- Sire: Quiet American
- Dam: Our Seattle Star
- Damsire: Seattle Song
- Sex: Mare
- Foaled: 2005
- Country: United States
- Colour: Dark Bay/Brown
- Breeder: Dr. Oscar Benavides and Darley Stud
- Owner: Calumet Farm
- Trainer: Anthony W. Dutrow
- Record: 13: 7-1-1
- Earnings: $971,160

Major wins
- Cotillion Handicap (2008) Bed O' Roses Handicap (2009) Shuvee Handicap (2009) Ogden Phipps Handicap (2009)

= Seattle Smooth =

American-bred Thoroughbred racehorse

Seattle Smooth is a thoroughbred mare bred in Kentucky by Dr.
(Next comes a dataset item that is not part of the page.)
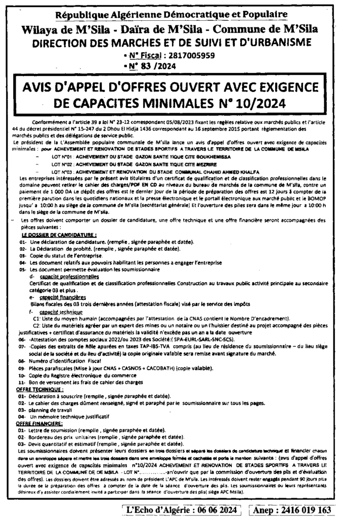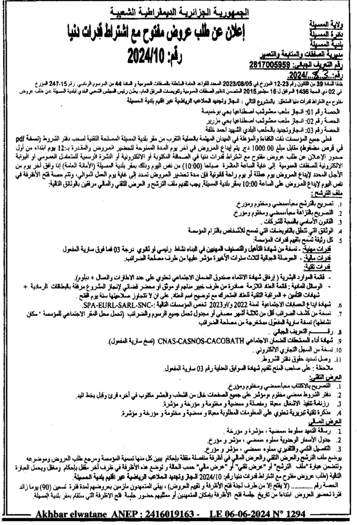 إعلان عن طلب عروض مفتوح 2024/10 بلدية المسيلة

Oscar Benavides in collaboration with Darley Stud. Seattle Smooth's dam is the unraced mare, Our Seattle Star, by Seattle Song who was bred to Quiet American; a Grade 1 winner by Fappiano who was in turn sired by the great Mr. Prospector. Being sired by Quiet American makes her-half sister to Kentucky Derby and Preakness Stakes winner Real Quiet, who lost the 1998 Triple Crown by a nose.

==Race career==

Racing Manager, Dennis Yokum (buying on behalf of Mercedes Stables), purchased Seattle Smooth in the 2006 Fasig-Tipton July yearling sale for $340,000. As a three-year-old, Seattle Smooth defeated eventual Eclipse Award winner Proud Spell in the Grade II Cotillion Handicap. In 2009, the four-year-old Seattle Smooth came into her own, after Yokum switched her from the artificial surfaces of the West Coast to the dirt tracks of the East Coast. Major wins include G2 Bed O' Roses Handicap, G2 Shuvee Handicap, and she turned the tables on Seventh Street in the G1 Ogden Phipps Handicap.

She was retired in May 2010 after a second-place finish in the Grade 2 Shuvee Handicap due to "ankle problems."

==Broodmare career==

Seattle Smooth has made a promising start as a producer with her 2013 stakes winner, Gunfire (by Tapit). For the first few years she lived at her owner's farm, Mercedes Stables LLC, producing a 2012 colt by Giant's Causeway, a 2014 colt again by Tapit and a 2015 unnamed filly by Giant's Causeway. She currently resides at Calumet Farm after being bought at auction in 2015 for $300,000; in foal to Malibu Moon.